Future studies are needed to enhance the performance of automatic FER models for practical use in psychotherapeutic apps. Nevertheless, this study represents an important first step toward advancing emotion-focused psychotherapeutic interventions via smartphone apps.
从智能手机视频开发自动情绪识别模型是推广鼓励情感表达的心理治疗应用干预措施的关键一步。现有模型主要关注6种基本情绪,而忽略了其他与治疗相关的情绪。为支持这项研究,我们引入了新颖的通过情绪识别绿野仙踪进行减压训练(STREs WoZ)数据集,该数据集包含16种不同的、与治疗相关的情绪的面部视频。
本研究旨在开发基于深度学习的自动面部情绪识别(FER)模型,用于二分类(积极与消极)和多分类情绪分类任务,评估模型的性能,并通过将模型与人类观察者进行比较来验证它们。

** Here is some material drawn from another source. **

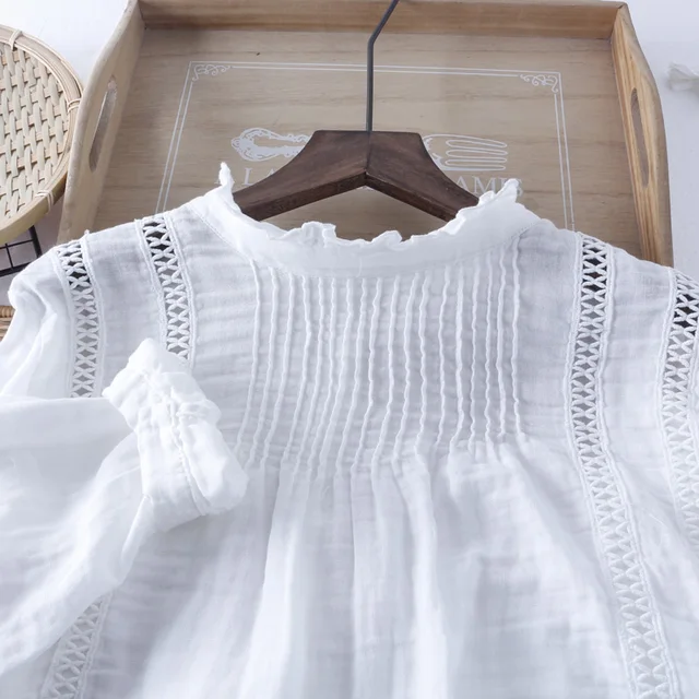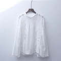 Palace hollow out patchwork ruffled collar long sleeve Cotton yarn white shirt blouse mori girl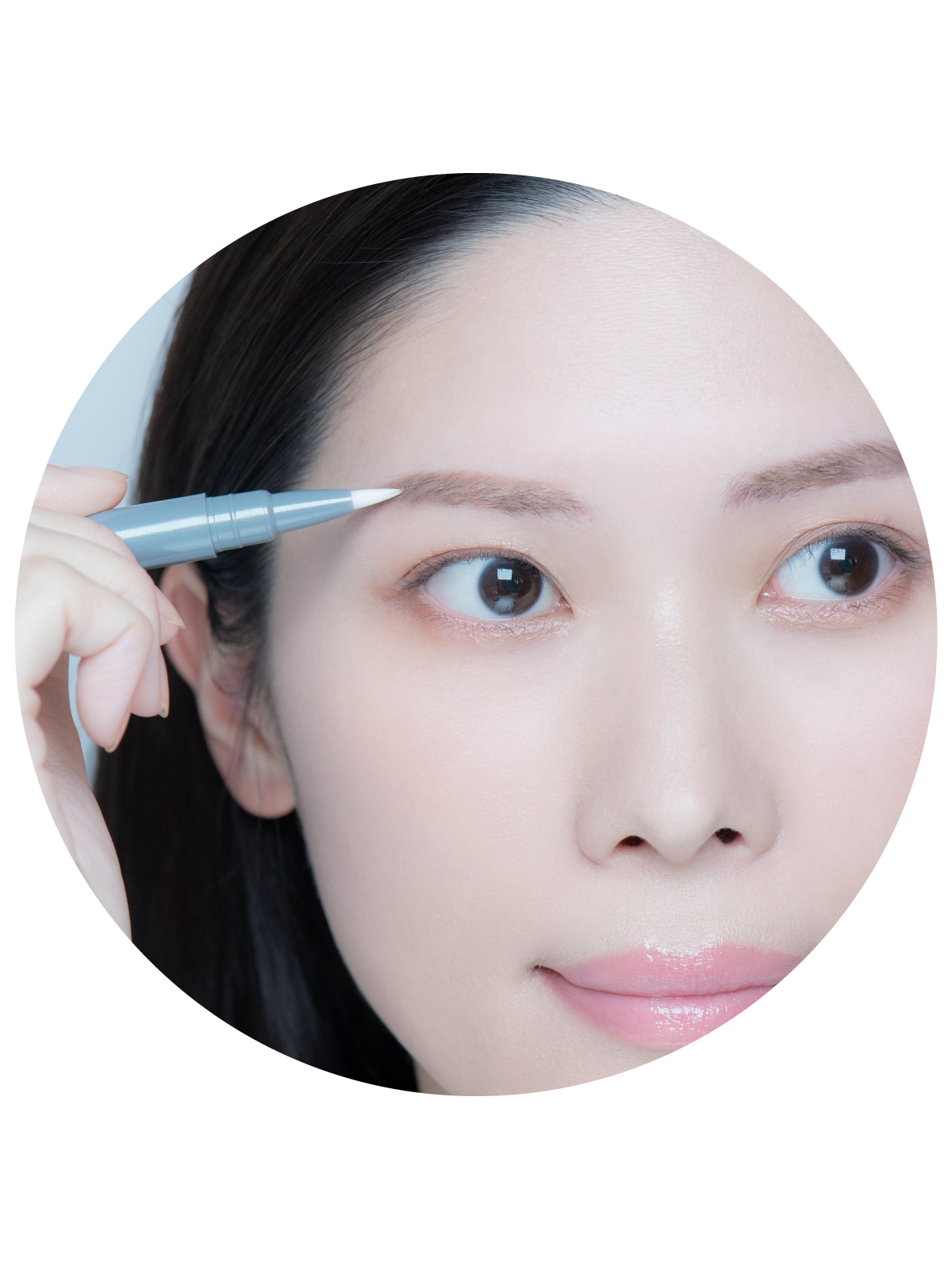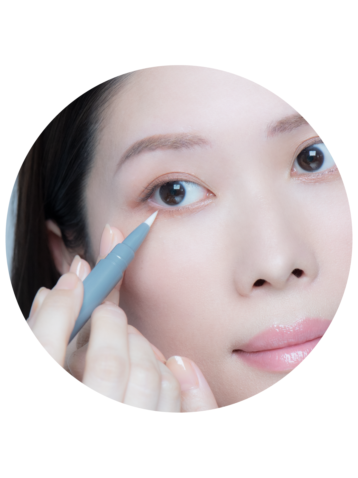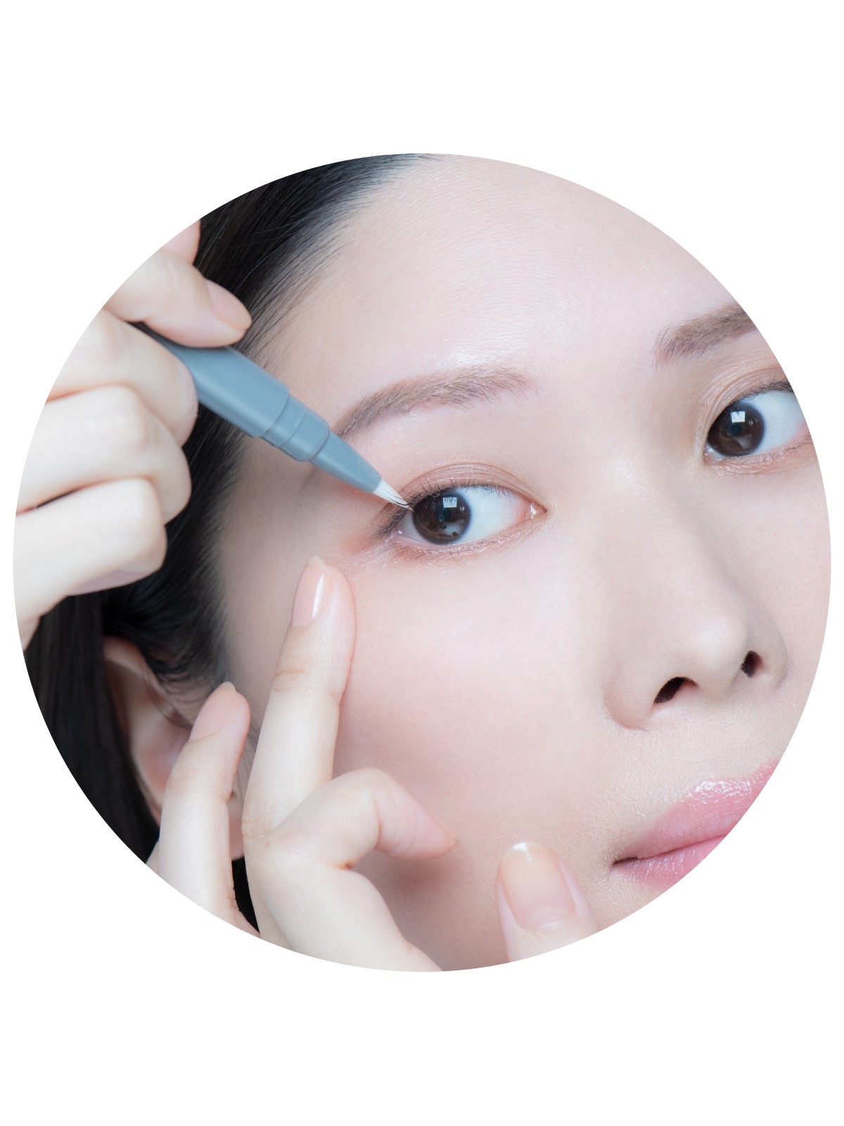 قم بتطبيق كمية مناسبة بلطف من الزاوية الداخلية إلى الزاوية الخارجية من العيون. تقدم برفق لملء الفجوة بين الشعر والشعر.

STREs WoZ数据集包含63个人的14412个面部视频,展示了16种情绪。这些自拍风格的视频是在减压训练期间,在非受限实验室环境中使用前置智能手机摄像头录制的。使用外观特征和深度学习特征进行二分类和多分类情绪分类的自动FER模型在STREs WoZ数据集上进行训练。外观特征基于面部动作编码系统,并使用OpenFace提取。深度学习特征通过ResNet50模型获得。对于我们的深度学习模型,我们使用外观特征、深度学习特征及其拼接作为输入。我们使用了3种基于循环神经网络(RNN)的架构:RNN-卷积、RNN-注意力和RNN-平均网络。为了进行验证,3名人类观察者也接受了二分类和多分类情绪识别的训练。自动FER模型和人类观察者都完成了一个包含16种情绪的3018个面部情绪视频的测试集。使用未加权平均召回率(UAR)和准确率来评估性能。
在两项任务中,使用外观特征的模型优于使用深度学习特征的模型,以及结合两种特征类型的模型,使用外观特征的注意力网络成为表现最佳的模型。注意力网络在二分类任务中实现了92.9%的UAR,在多分类任务中的准确率值范围为59.0%至90.0%。在二分类任务中,人类表现与自动FER模型相当,UAR为91.0%,在多分类任务中更优,准确率值范围为87.4%至99.8%。
未来需要开展研究以提高自动FER模型在心理治疗应用中的实际性能。尽管如此,本研究是通过智能手机应用推进以情绪为重点的心理治疗干预的重要第一步。